One of the promises made by the internet industry to artists and consumers was the aforementioned opportunity for discovery; but I don’t think anyone meant the discovery of dreck that fans would have sift through to find the work of artists we already know or might want to know.  Nobody appears to be doing anything illegal in gaming the system (unless Spotify is engaged in any type of fraud), but that doesn’t mean the new models don’t enable some far more complex forms of chicanery than those 90s-era complaints about overpriced CDs.

Referring back to the Canadian Supreme Court decision in the Equustek case, the significance of that decision (despite the wailing and teeth-gnashing at EFF et al) is that it recognizes the ways in which the tools we use to derive benefit from the web—search, SEO, keywords, etc.—are very easily wielded by hucksters, spammers, and outright thieves.  No, listening to a Bob Seger impersonator on Spotify isn’t going to hurt anyone, except perhaps Bob Seger, but reading fake news does, and so does buying counterfeit products or accidentally giving information to a scam service.
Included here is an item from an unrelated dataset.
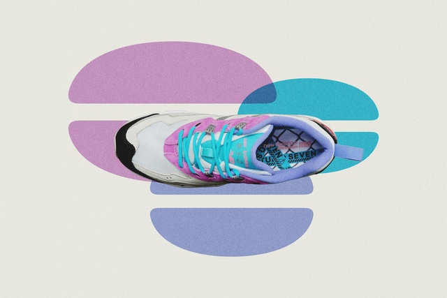 ヒール部分にはマカロンモチーフのグラフィックをあしらい、インソールにはスタジオ セブンのアイコンである「Caution Logo(コーションロゴ)」とミタスニーカーズのアイコンである「Chain Link Fence(金網)」、そして今回のトリプルコラボを証明する3ブランドのロゴマークを配した。

I doubt we’ve heard the last on the question of whether or not Spotify is actually commissioning works under pseudonymous artist names, or where that investigation might lead.  To me, these latest revelations are just part of the same narrative that keeps unfolding this year—that the “new models” of the digital age have some serious flaws for which the fixes might be that these companies have to behave a little bit like “legacy” industry.  And that may not be a bad thing.